→ The task
Look through the data below for the line with "Развој пластеничке производње" and the line with "Loki et Odin face à face", then output those two and all lines in between, exactly as written.

→ Supplied records
——
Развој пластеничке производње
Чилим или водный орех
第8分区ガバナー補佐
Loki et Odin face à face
——
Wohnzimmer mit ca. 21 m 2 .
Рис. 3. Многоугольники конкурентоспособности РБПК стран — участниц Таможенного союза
——
→ Task result
Развој пластеничке производње
Чилим или водный орех
第8分区ガバナー補佐
Loki et Odin face à face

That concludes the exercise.